Сейчас, слава Богу, агрономические эксперименты госпожи Киселевой еще не вступили в силу. На ветках едва набухали почки, а земля не везде освободилась от снега. Но и при других обстоятельствах Поль вряд ли разглядел бы вьющуюся нелепость. Стемнело. Прямо напротив ступеней красовались два фонаря. Расставляя их по улицам Тульчина, начальник штаба себя не обидел. Один уже потух, в чем генерал мигом усмотрел бесхозяйственность жены. Однако света на улице хватало, поскольку три высоких окна гостиной ярко горели.
Это удивило Павла Дмитриевича. Посетители? В такой час? Он предполагал найти Софи испуганной, забившейся в дальние комнаты. Молящейся или плачущей. Во всяком случае, одинокой. Ему и в голову не могло прийти, что в отсутствие мужа госпожа Киселева продолжит собирать салон. На мгновение генералу показалось, что его опередил фельдъегерь и теперь сидит, ожидая хозяина, чтобы вручить высочайшее повеление. Сердце Павла Дмитриевича захолонуло. Но он взял себя в руки. Чему быть, того не миновать. Вылез из возка и стал подниматься по ступенькам.
Его приезда не заметили.
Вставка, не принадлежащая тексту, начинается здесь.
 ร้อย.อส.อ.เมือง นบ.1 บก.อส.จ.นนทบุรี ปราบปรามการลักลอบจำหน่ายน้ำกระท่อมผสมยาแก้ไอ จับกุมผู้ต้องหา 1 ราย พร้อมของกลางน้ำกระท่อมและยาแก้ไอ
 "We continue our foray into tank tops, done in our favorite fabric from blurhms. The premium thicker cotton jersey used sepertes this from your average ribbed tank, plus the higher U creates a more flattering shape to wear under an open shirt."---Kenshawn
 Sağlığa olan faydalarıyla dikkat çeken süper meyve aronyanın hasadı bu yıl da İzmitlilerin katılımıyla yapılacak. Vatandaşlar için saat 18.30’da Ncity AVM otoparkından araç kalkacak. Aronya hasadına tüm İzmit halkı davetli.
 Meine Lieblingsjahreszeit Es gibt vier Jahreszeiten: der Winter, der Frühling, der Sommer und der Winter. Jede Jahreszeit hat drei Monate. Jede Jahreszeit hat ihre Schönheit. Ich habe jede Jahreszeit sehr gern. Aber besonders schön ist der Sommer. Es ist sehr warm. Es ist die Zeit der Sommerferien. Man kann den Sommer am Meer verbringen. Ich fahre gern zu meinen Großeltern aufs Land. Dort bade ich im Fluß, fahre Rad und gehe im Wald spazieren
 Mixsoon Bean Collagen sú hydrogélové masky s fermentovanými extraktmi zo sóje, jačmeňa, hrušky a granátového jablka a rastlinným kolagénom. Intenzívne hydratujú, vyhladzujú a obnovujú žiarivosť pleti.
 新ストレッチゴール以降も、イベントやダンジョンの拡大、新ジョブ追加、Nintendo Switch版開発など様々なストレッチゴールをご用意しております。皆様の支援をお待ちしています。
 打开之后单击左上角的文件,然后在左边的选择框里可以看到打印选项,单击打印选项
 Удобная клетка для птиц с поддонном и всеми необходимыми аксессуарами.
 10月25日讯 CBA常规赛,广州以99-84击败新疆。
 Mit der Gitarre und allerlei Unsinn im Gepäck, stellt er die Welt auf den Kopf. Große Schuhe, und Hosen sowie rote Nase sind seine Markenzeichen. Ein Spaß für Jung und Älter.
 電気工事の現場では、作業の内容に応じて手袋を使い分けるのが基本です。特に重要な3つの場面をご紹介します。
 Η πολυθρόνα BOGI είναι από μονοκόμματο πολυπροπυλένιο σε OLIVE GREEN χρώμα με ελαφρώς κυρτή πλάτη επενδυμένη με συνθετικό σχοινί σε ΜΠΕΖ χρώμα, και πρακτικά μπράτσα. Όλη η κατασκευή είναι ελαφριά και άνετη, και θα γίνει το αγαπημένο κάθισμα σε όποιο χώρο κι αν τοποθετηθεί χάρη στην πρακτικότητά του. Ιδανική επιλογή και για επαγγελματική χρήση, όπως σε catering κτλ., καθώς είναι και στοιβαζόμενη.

Такой увлеченный и шумный разговор шел в гостиной. Лакей в дверях было ринулся докладывать барыне, но Киселев остановил увальня жестом.
– Не беспокоить. Ступай.
Пусть будет сюрприз. Зачем огорчать людей? Его явление прервет вечер, все заторопятся уходить, чтобы оставить мужа и жену наедине. Надо, чтобы Софи хотя бы в этой дыре чувствовала себя королевой.
Генерал позволил набежавшим слугам забрать шинель и фуражку, прошел в гардеробную. Потребовал горячей воды. Упал в кресло и с наслаждением протянул денщику ноги, чтобы тот стянул сапоги. Пока Поль умывался, облачался в чистую рубашку и турецкий халат, закусывал холодной зайчатиной с черносливом, посиделки у жены должны были кончиться.
Он только осведомился о гостях и получил ответ, что в доме трое братьев супруги, графы Потоцкие, поэты граф Олизар и Мицкевич проездом в Петербург, их друзья Малевский и Ежовский, обретавшиеся в Одессе, Каролина Собаньская и еще несколько дам, фамилии которых муж пропустил мимо ушей. Его не удивило, что все присутствующие – поляки. Софи предпочитала соотечественников. Киселев только подергал себя за ус и усмехнулся: между родичами царило ненарушимое дружество. А он еще помнил, как эти любители порассуждать о кровных узах перегрызлись из-за наследства настолько, что не могли без приступов горячки видеть друг друга. Тогда Поль пришелся ко двору – чужому человеку люди сразу говорят, чего хотят. Тогда как на своих выливают ушат не относящейся к делу грязи.
Теперь он для них «свой». Павел Дмитриевич сморгнул, как будто в глаз ему попала соринка. Отчасти. Ибо он не поляк. И не Потоцкий. А в этом семействе очень гордятся принадлежностью к славному роду. Жена даже выписывала всех гетманов и героических представителей фамилии в особую тетрадочку. Слева имя, справа подвиг и год. Среди предметов восхищения было и взятие Москвы, и сожжение Смоленска – давнее, еще при Лжедмитрии. О последних временах госпожа Киселева благоразумно умалчивала. Не значит не восторгалась ими. Просто унимала пыл при муже. У поляков принято гордиться поражениями, возводя бессилие в добродетель, а неумение защитить себя в жертву за отечество. «Вечно требуют уважения к разбитой роже…» Павел Дмитриевич остановился, чувствуя, что дает волю раздражению.